Chickadee eyes also perceive more colors than mine can. I view the mandala with eyes that are equipped with three types of color receptor, giving me three primary colors and four main combinations of primary colors. Chickadees have an extra color receptor that detects ultraviolet light. This gives chickadees four primary colors and eleven main combinations, expanding the range of color vision beyond what humans can experience or even imagine. Bird color receptors are also equipped with tinted oil droplets that act as light filters, allowing only a narrow range of colors to stimulate each receptor. This increases the precision of color vision. We lack these filters, so even within the range of light visible to humans, birds are better able to discriminate subtle differences in color. Chickadees live in a hyperreality of color that is inaccessible to our dull eyes. Here in the mandala, they use these abilities to find food. Ultraviolet light reflects from the dried wild grapes that are sparsely scattered across the forest floor. Wings of beetles and moths are sometimes tinged with ultraviolet, as are some caterpillars. Even without the advantage of ultraviolet vision, insect camouflage is unmasked by slight imperfections detected by the birds’ precise perception of color.

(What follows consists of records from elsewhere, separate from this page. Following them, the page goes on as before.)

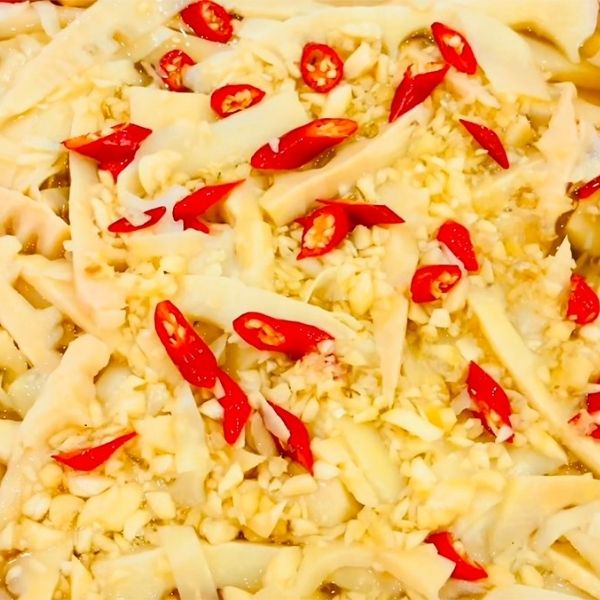 Ngâm măng: Cho măng vào hũ thủy tinh sạch, thêm tỏi, ớt rồi đổ hỗn hợp giấm vào.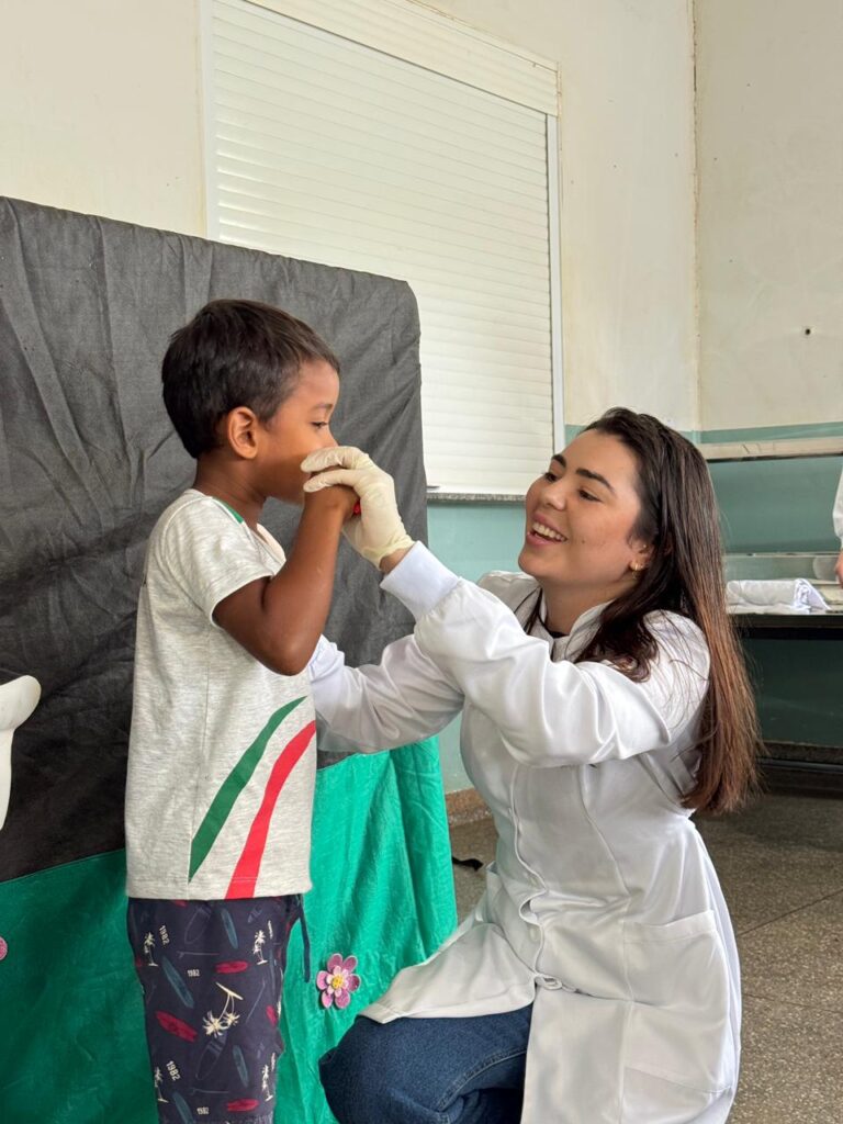 A equipe de odontologia levou até a escola um consultório portátil, possibilitando a avaliação imediata dos estudantes diretamente em sala de aula. A iniciativa ampliou o acesso ao atendimento odontológico e garantiu um cuidado mais próximo da realidade dos alunos da zona rural.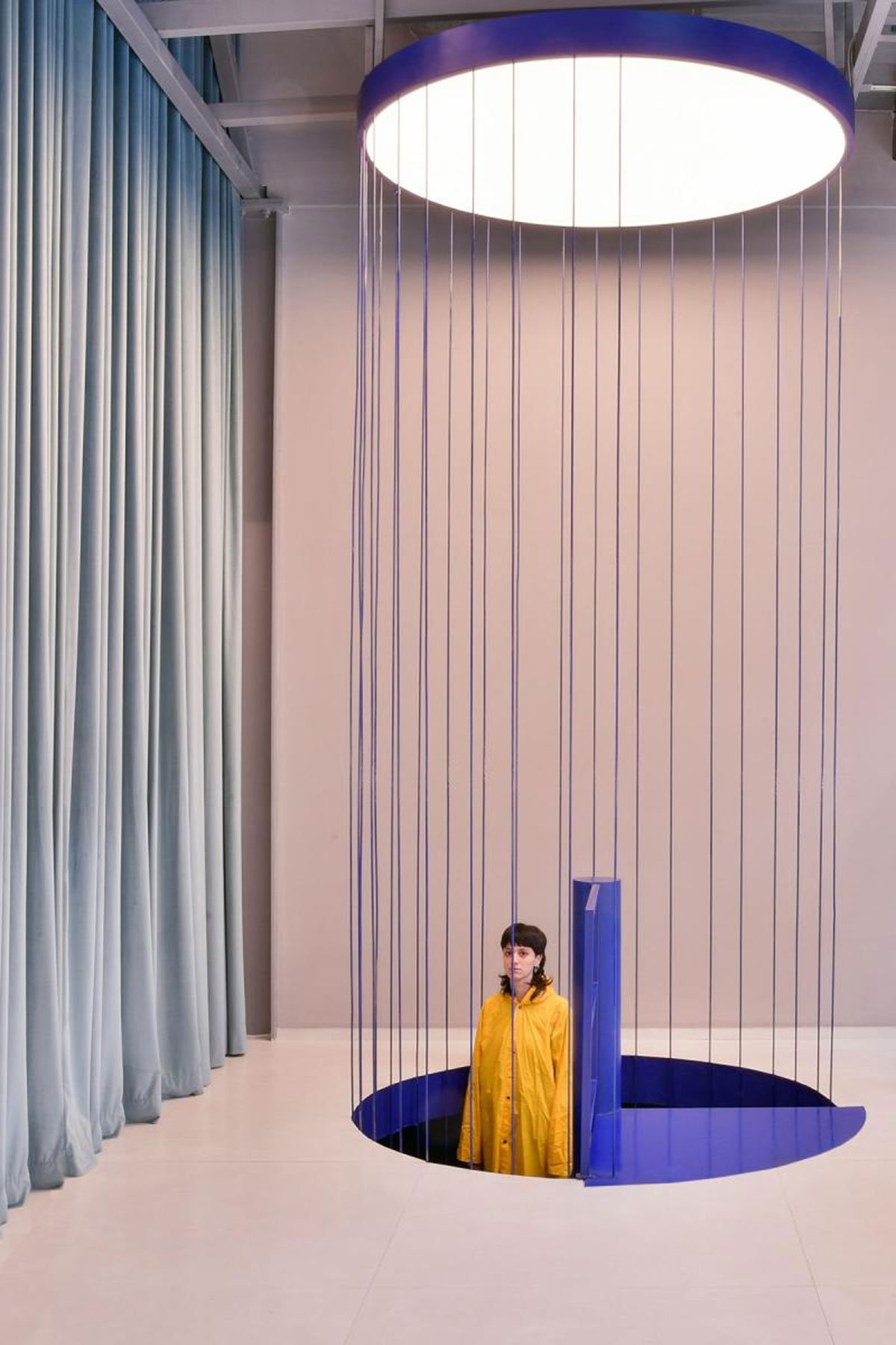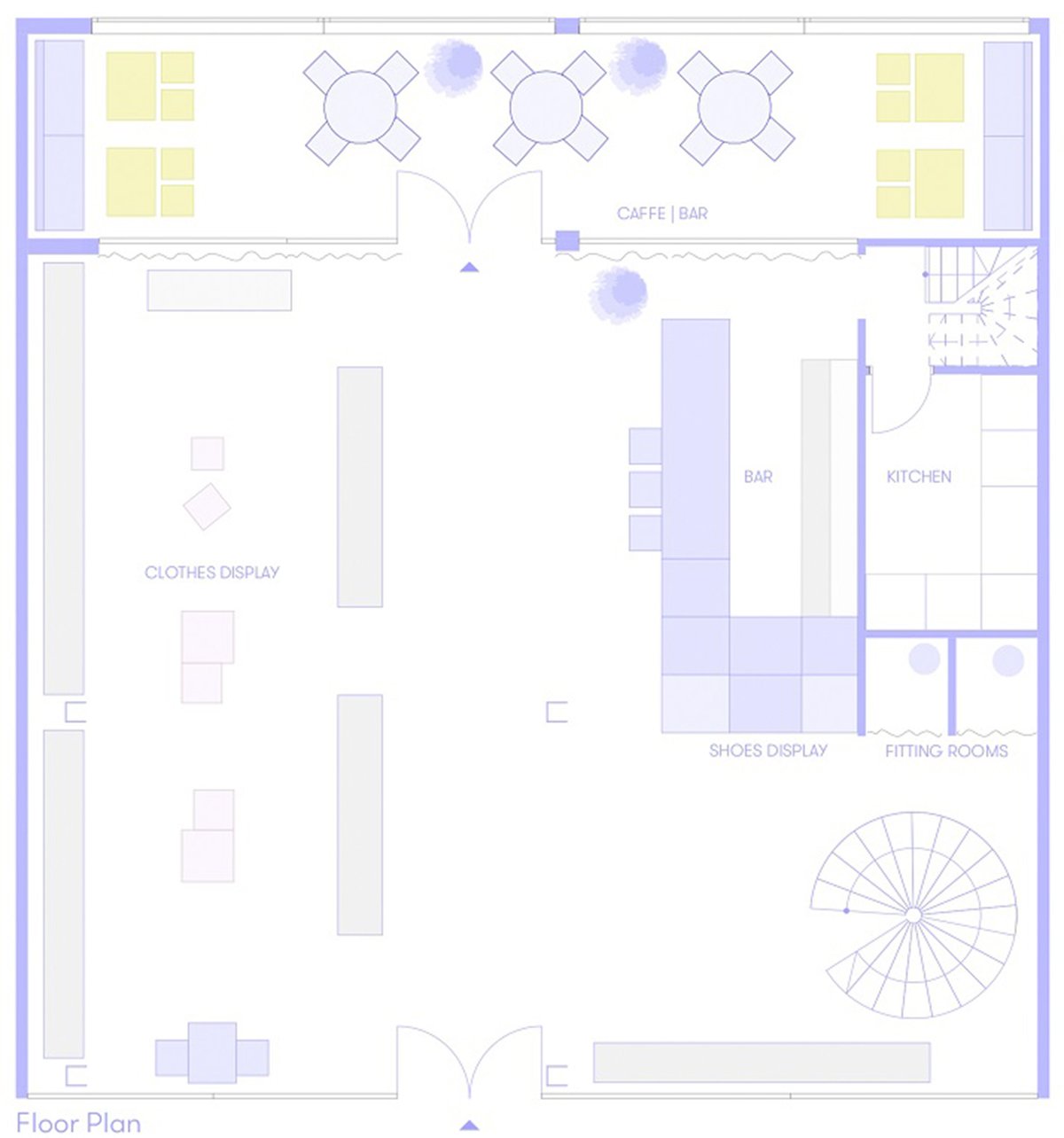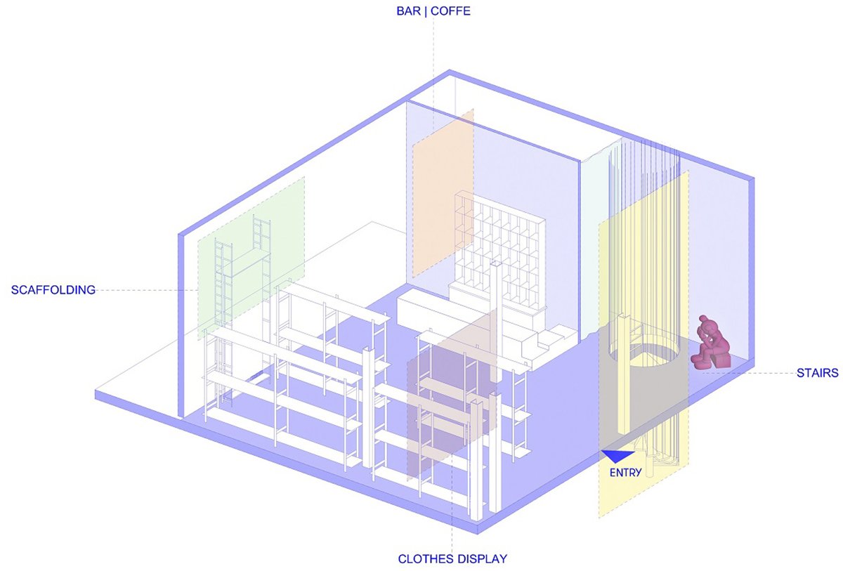 Homme is a concept store known for its various options of clothing brands for men. Since the design is an extension of the already existing store, it was important to create a new visual marker that links the two floors together and adds to the identity of the store. The royal blue colored stairs, encircled by metal wires that act as a railway as well, do just that… and they invite the visitor to check out the newly designed space. The floors are rendered in ceramic tiles, the walls colored in plain gray whereas the ceiling is made of corrugated metal sheets. To further emphasize the urban identity of the design, scaffolding was used to display clothes and to create other elements within the retail function of the store. A three-meter high mirror mounted within the scaffolding is a visual marker of the store as well. The mirror gives another dimension to the space due to its size but also due to the surprising effect of seeing a mirror staying perfectly put inside a scaffolding. Another “urban” element to the store is the bar, which is made up of exposed black glass bricks. One can easily enjoy a drink as they look around for what clothes to buy in the store.

The visual abilities of birds and mammals differ because of events
in the Jurassic, one hundred and fifty million years ago. At that time, the lineage that gave rise to modern birds split from the rest of the reptiles. These ancient birds inherited the four color receptors of their reptilian ancestors. Mammals also evolved from reptiles, splitting away earlier than the birds. But, unlike birds, our protomammal ancestors spent the Jurassic as nocturnal shrewlike creatures. Natural selection’s shortsighted utilitarianism had no use for sumptuous color in these night-dwelling animals. Two of the four color receptors that the mammals’ ancestors bequeathed to them were lost. To this day, most mammals have just two color receptors. Some primates, including those that gave rise to humans, later evolved a third.

The chickadees’ acrobatic bodies let them put their vision to good use. A wing-flick takes a bird from one branch to another. Feet grasp a twig, then the bird falls, swinging from a branch tip. The beaks probe as the bird’s body pivots, still hanging, then wings flash open and the bird flits up to another small twig. No surface is left unexamined. The birds spend as much time upside down, peering under twigs, as they do upright.

Despite the vigor of their search, the chickadees catch no prey while I watch. Chickadees, like most birds, give a distinctive backward flick of their heads as they swallow or, if they find a bigger morsel, will hold the food in their feet as they pound it with their beaks. The flock stays in my sight for just fifteen minutes, finding no food. The chickadees may need to call on their fat reserves to survive the cold. These reserves are essential to winter survival, and they allow chickadees to make good use of winter’s variability. When the weather warms, or when birds find a cluster of spiders or berries, the flush of food is turned into fat that carries the birds through times when the feeding is poor and the weather is cold.